## Required action
Return all of the data that follows precisely, leaving every image out.

## Information provided
Content starts

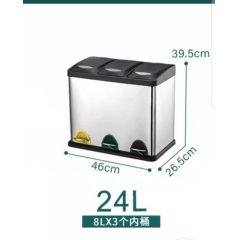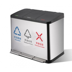 不銹鋼腳踏三分類垃圾桶帶蓋60L
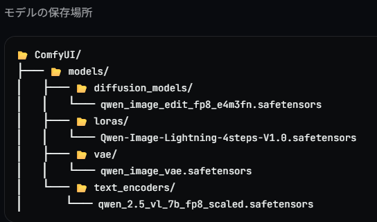 ディフュージョンモデル本体: qwen_image_edit_fp8_e4m3fn.safetensors
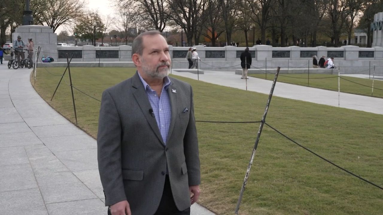 Nos encontramos en el monumento a la Segunda Guerra Mundial en Washington, la capital de Estados Unidos, en un día en el que se conmemora a los veteranos, a las personas que han participado en las diferentes guerras del país.

Content ends

## Answer to the exercise
 不銹鋼腳踏三分類垃圾桶帶蓋60L
 ディフュージョンモデル本体: qwen_image_edit_fp8_e4m3fn.safetensors
 Nos encontramos en el monumento a la Segunda Guerra Mundial en Washington, la capital de Estados Unidos, en un día en el que se conmemora a los veteranos, a las personas que han participado en las diferentes guerras del país.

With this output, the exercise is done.